= Exercise description =
Copy out each record that follows exactly, and omit any picture you find.
(Extracted material)
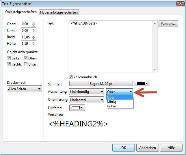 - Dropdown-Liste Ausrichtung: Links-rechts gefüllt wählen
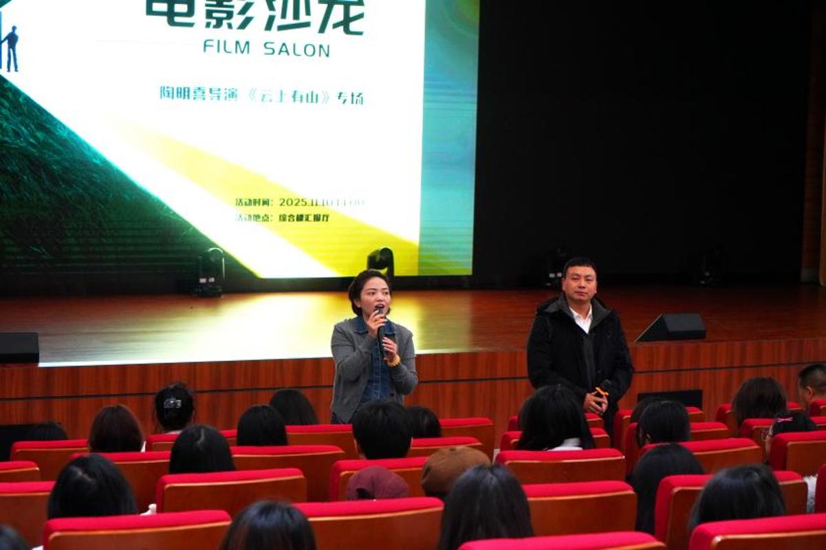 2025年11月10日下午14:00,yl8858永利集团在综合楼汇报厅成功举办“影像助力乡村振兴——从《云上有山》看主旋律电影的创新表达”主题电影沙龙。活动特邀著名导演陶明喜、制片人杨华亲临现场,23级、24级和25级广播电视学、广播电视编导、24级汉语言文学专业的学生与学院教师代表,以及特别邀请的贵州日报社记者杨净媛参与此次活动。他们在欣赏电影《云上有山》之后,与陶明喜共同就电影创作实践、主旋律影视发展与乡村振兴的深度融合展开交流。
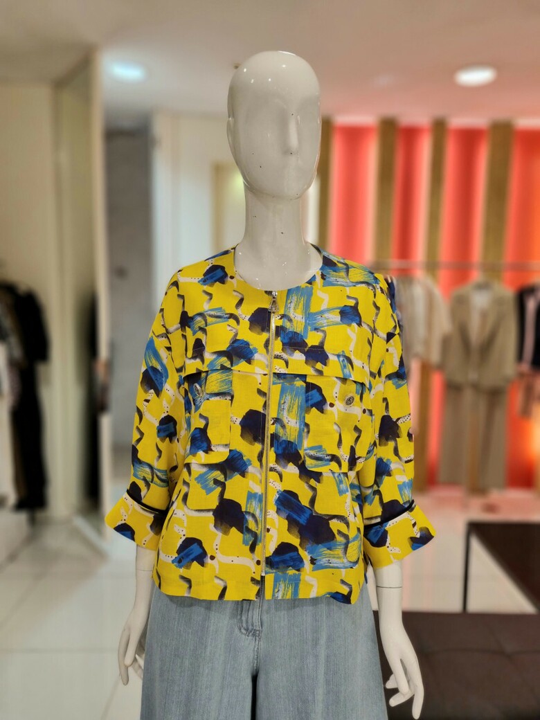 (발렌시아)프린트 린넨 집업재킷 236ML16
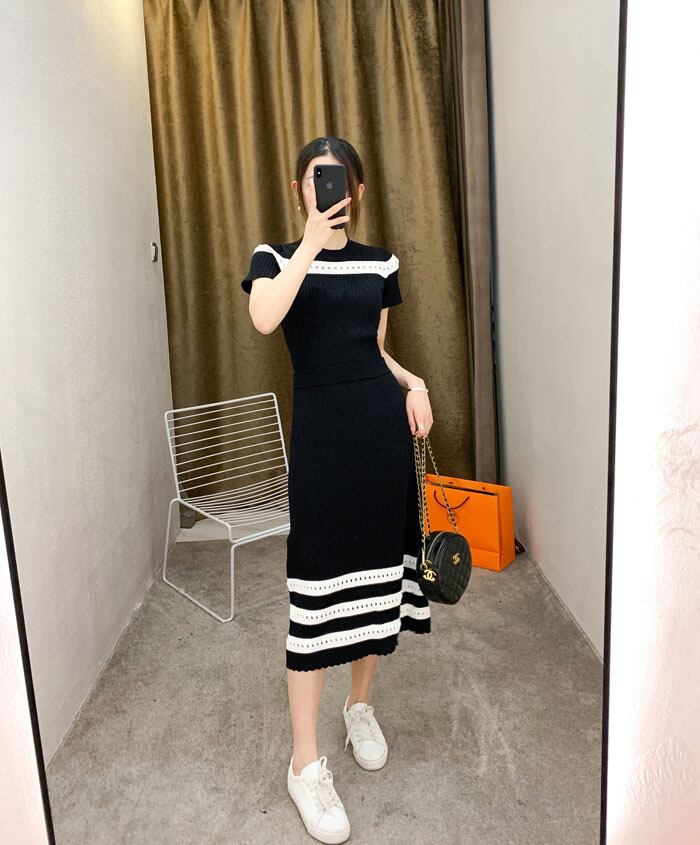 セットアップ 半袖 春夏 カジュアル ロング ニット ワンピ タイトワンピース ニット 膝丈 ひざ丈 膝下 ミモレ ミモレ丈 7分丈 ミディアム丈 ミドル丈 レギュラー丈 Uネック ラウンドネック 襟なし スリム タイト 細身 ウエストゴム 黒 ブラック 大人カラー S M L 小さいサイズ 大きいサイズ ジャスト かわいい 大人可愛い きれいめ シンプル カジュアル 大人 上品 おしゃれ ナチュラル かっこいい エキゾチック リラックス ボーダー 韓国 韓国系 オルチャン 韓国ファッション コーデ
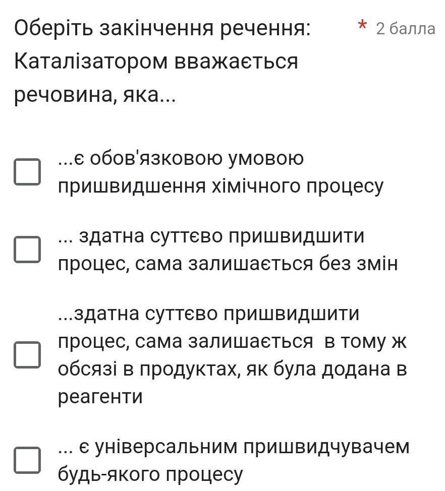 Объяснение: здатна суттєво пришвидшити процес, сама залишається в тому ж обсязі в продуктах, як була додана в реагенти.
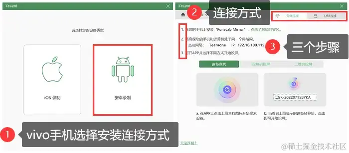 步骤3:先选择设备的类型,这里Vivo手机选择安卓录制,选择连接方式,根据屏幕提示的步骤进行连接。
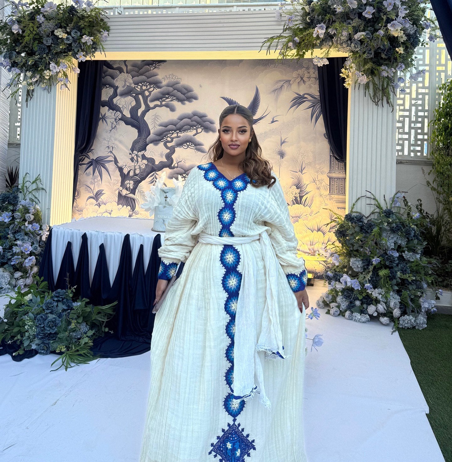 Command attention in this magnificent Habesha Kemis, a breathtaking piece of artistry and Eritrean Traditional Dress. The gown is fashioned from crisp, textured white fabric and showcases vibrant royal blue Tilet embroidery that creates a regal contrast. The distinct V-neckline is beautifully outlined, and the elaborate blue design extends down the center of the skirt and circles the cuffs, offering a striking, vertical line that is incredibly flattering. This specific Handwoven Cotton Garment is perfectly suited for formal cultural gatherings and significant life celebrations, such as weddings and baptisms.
(End Extracted material)
= Written solution =
 - Dropdown-Liste Ausrichtung: Links-rechts gefüllt wählen
 2025年11月10日下午14:00,yl8858永利集团在综合楼汇报厅成功举办“影像助力乡村振兴——从《云上有山》看主旋律电影的创新表达”主题电影沙龙。活动特邀著名导演陶明喜、制片人杨华亲临现场,23级、24级和25级广播电视学、广播电视编导、24级汉语言文学专业的学生与学院教师代表,以及特别邀请的贵州日报社记者杨净媛参与此次活动。他们在欣赏电影《云上有山》之后,与陶明喜共同就电影创作实践、主旋律影视发展与乡村振兴的深度融合展开交流。
 (발렌시아)프린트 린넨 집업재킷 236ML16
 セットアップ 半袖 春夏 カジュアル ロング ニット ワンピ タイトワンピース ニット 膝丈 ひざ丈 膝下 ミモレ ミモレ丈 7分丈 ミディアム丈 ミドル丈 レギュラー丈 Uネック ラウンドネック 襟なし スリム タイト 細身 ウエストゴム 黒 ブラック 大人カラー S M L 小さいサイズ 大きいサイズ ジャスト かわいい 大人可愛い きれいめ シンプル カジュアル 大人 上品 おしゃれ ナチュラル かっこいい エキゾチック リラックス ボーダー 韓国 韓国系 オルチャン 韓国ファッション コーデ
 Объяснение: здатна суттєво пришвидшити процес, сама залишається в тому ж обсязі в продуктах, як була додана в реагенти.
 步骤3:先选择设备的类型,这里Vivo手机选择安卓录制,选择连接方式,根据屏幕提示的步骤进行连接。
 Command attention in this magnificent Habesha Kemis, a breathtaking piece of artistry and Eritrean Traditional Dress. The gown is fashioned from crisp, textured white fabric and showcases vibrant royal blue Tilet embroidery that creates a regal contrast. The distinct V-neckline is beautifully outlined, and the elaborate blue design extends down the center of the skirt and circles the cuffs, offering a striking, vertical line that is incredibly flattering. This specific Handwoven Cotton Garment is perfectly suited for formal cultural gatherings and significant life celebrations, such as weddings and baptisms.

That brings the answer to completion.